[Recorded data]
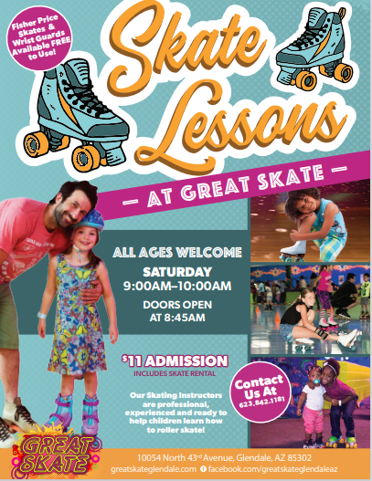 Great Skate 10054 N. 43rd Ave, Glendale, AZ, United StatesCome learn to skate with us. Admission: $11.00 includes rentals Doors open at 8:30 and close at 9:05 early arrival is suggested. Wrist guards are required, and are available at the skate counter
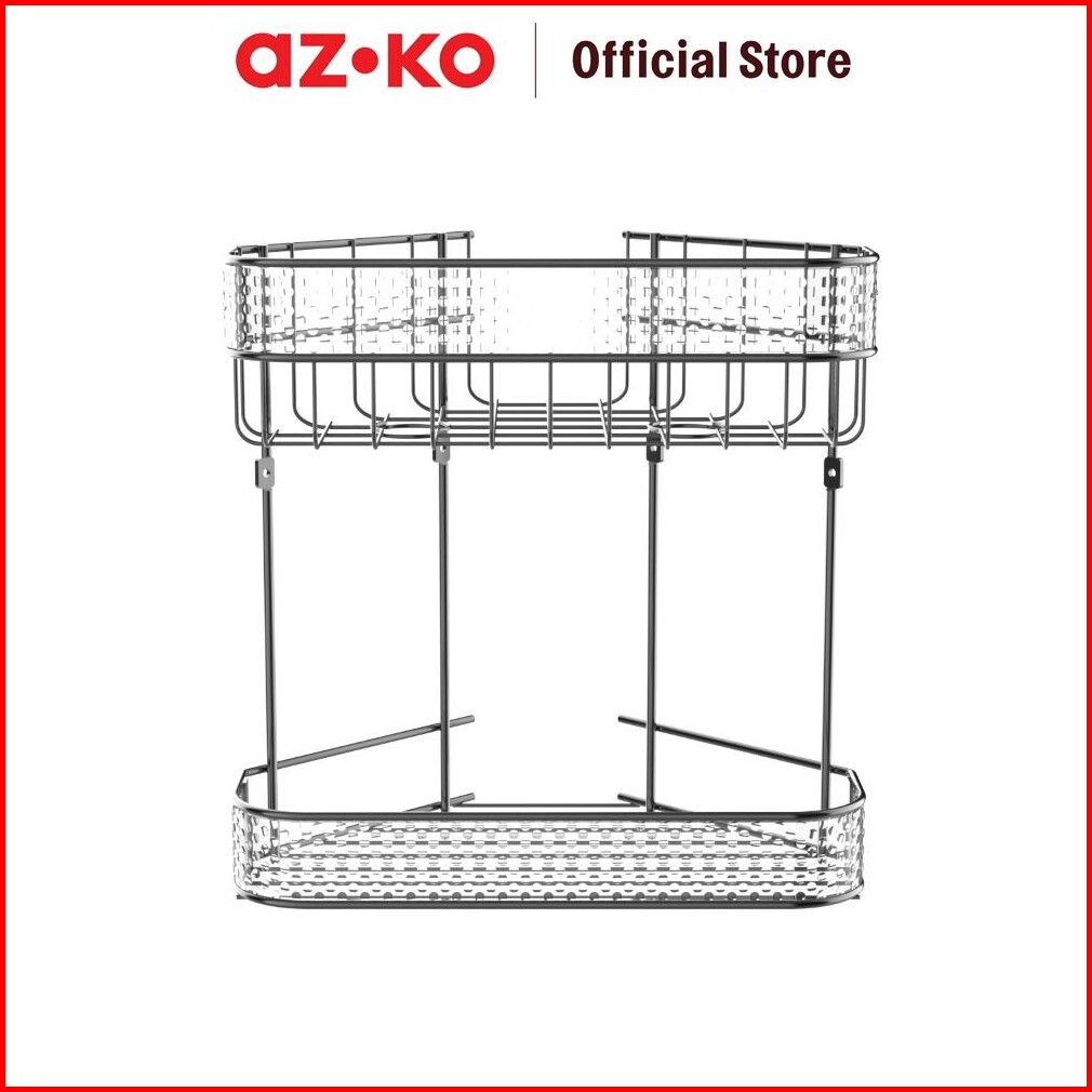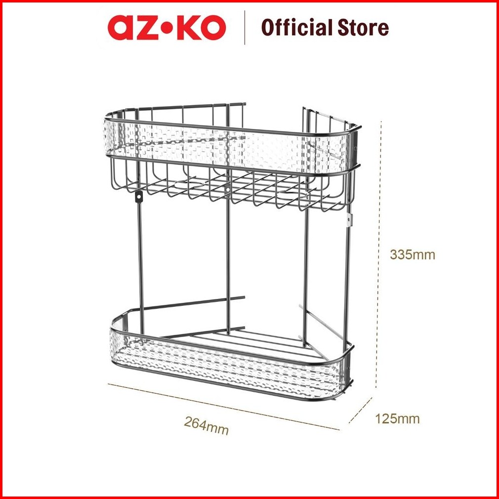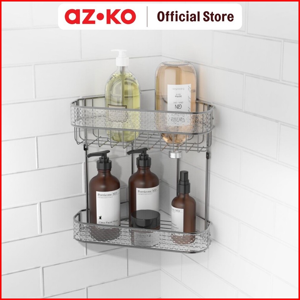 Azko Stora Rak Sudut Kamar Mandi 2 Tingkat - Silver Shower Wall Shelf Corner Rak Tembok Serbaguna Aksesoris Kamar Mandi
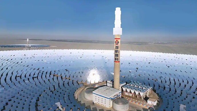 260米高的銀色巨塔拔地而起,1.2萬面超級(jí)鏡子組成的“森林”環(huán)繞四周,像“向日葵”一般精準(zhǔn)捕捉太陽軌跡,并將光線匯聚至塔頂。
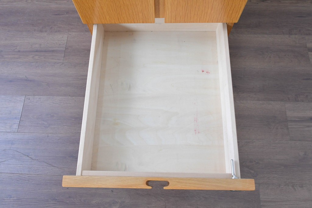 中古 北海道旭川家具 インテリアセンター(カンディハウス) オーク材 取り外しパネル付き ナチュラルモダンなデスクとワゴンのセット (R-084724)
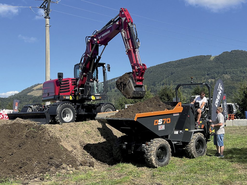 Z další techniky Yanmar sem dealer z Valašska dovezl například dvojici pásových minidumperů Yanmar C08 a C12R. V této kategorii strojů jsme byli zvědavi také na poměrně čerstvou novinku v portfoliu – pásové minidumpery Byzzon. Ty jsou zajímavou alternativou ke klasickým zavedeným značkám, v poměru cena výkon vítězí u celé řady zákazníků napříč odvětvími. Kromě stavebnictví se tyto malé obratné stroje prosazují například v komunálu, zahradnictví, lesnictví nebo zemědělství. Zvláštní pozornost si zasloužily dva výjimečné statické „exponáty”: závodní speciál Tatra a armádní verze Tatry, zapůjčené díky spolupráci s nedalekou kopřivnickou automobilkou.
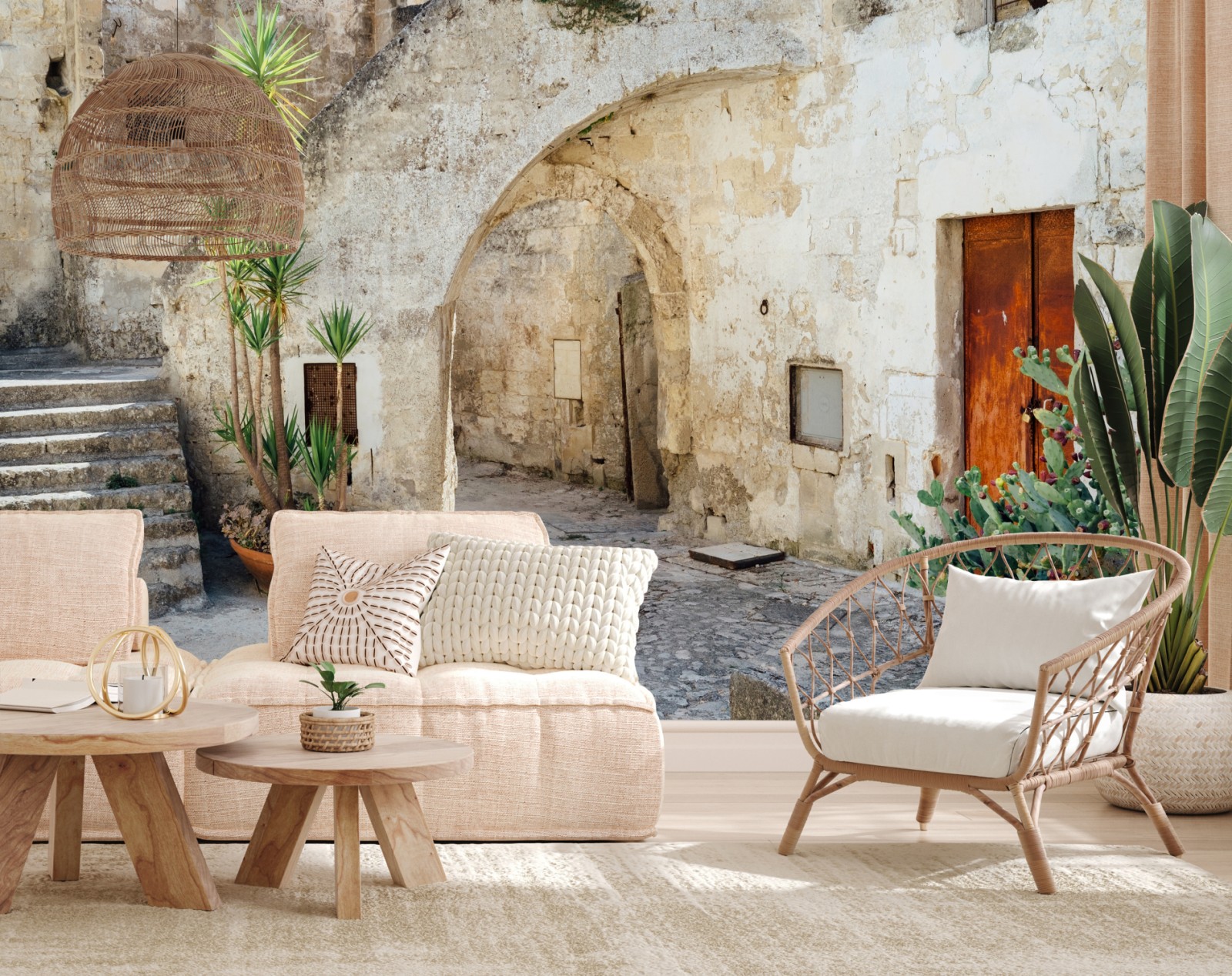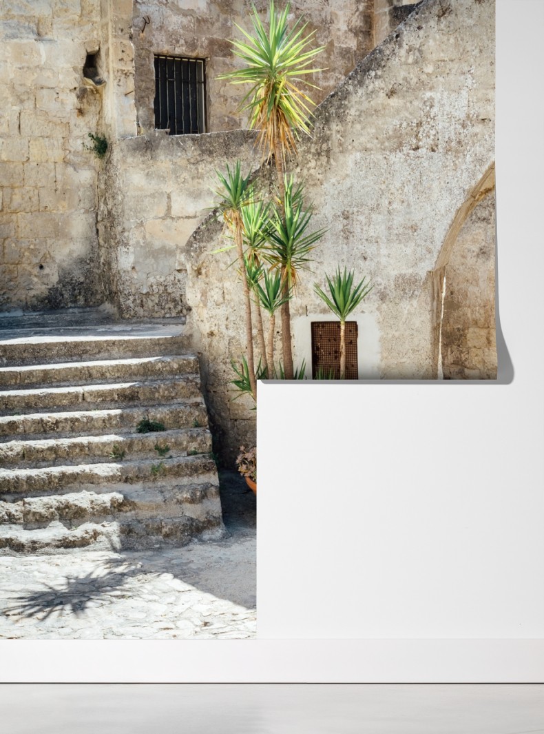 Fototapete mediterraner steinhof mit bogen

» **Instructions for the task**:
Beginning with the first entry above, reproduce every line verbatim until the line with "Azko Stora Rak", which is included too; omit pictures.

» **Answer section**:
 Great Skate 10054 N. 43rd Ave, Glendale, AZ, United StatesCome learn to skate with us. Admission: $11.00 includes rentals Doors open at 8:30 and close at 9:05 early arrival is suggested. Wrist guards are required, and are available at the skate counter
 Azko Stora Rak Sudut Kamar Mandi 2 Tingkat - Silver Shower Wall Shelf Corner Rak Tembok Serbaguna Aksesoris Kamar Mandi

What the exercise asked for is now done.